The timing is deliberate. Over the past century, local lion populations have collapsed by more than 90 percent, falling from an estimated 200,000 to fewer than 30,000 today. “I realized that the best possible legacy for this masterpiece,” Kaplan says, “is for it to quite literally empower the survival of the very species that inspired Rembrandt some 400 years ago.”
In a rare move, 100% of the proceeds from the sale will be donated to Panthera’s global conservation efforts, demonstrating how Kaplan links art, history, and conservation in a way few collectors do.

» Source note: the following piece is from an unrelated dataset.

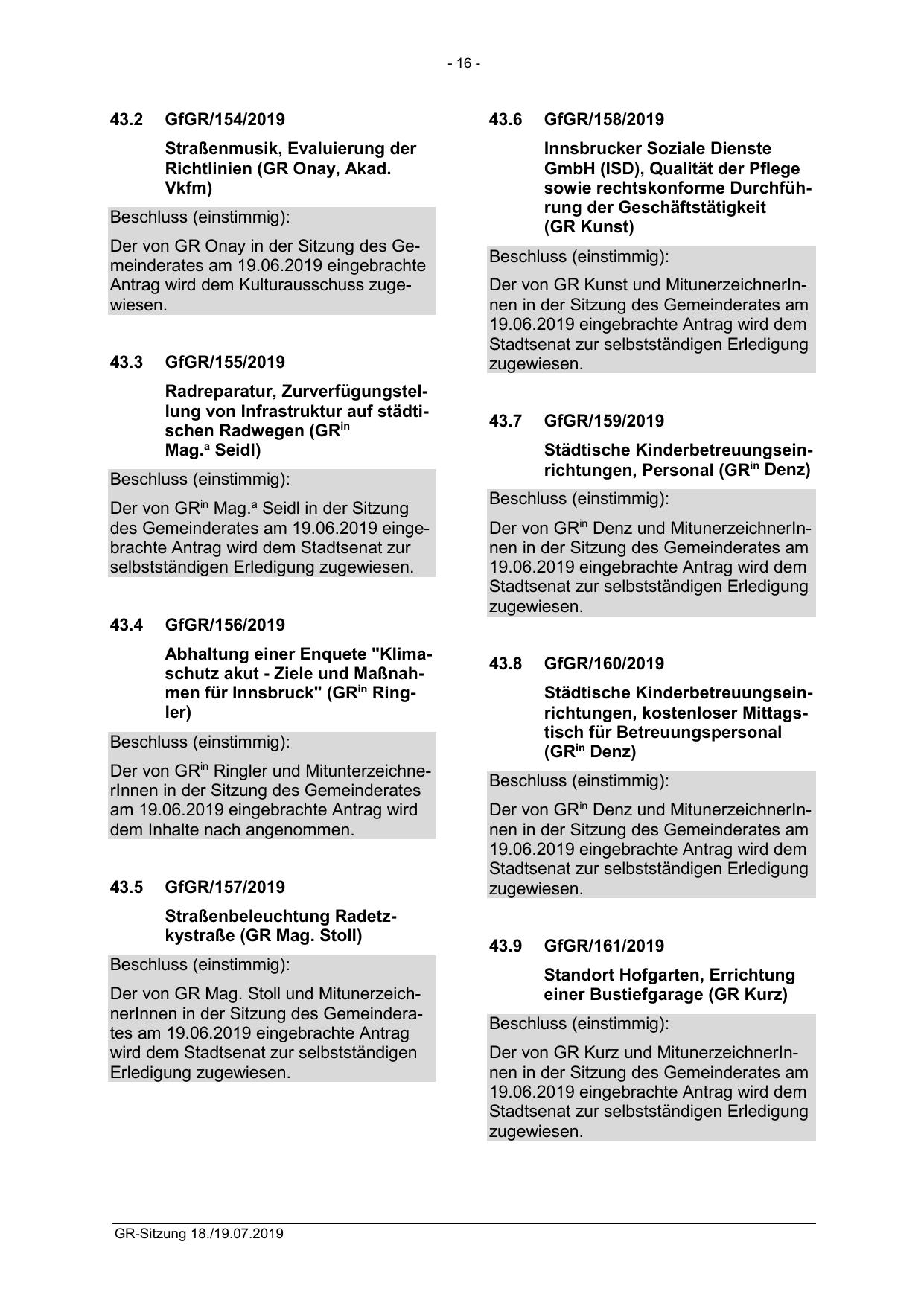 des Gemeinderates am 19.06.2019 eingebrachte Antrag wird dem Stadtsenat zur

The decision to part with such seminal work feels countercultural, especially in an era where collection is often conflated with accumulation. But Kaplan explains that “when Daphne and I collect, we don’t feel that we ‘own’ these paintings. We think of ourselves as temporary baton holders in a very long relay race.”
That ethos has shaped not only The Leiden Collection, but Kaplan’s wider work and lifelong commitment to safeguarding endangered species. “Right now, we are living through a moment where we must decide what kind of world we want to pass on to future generations. A world without Rembrandt would be spiritually impoverished,” he says. “Just as a world without the roar of a lion would be biologically bankrupt.”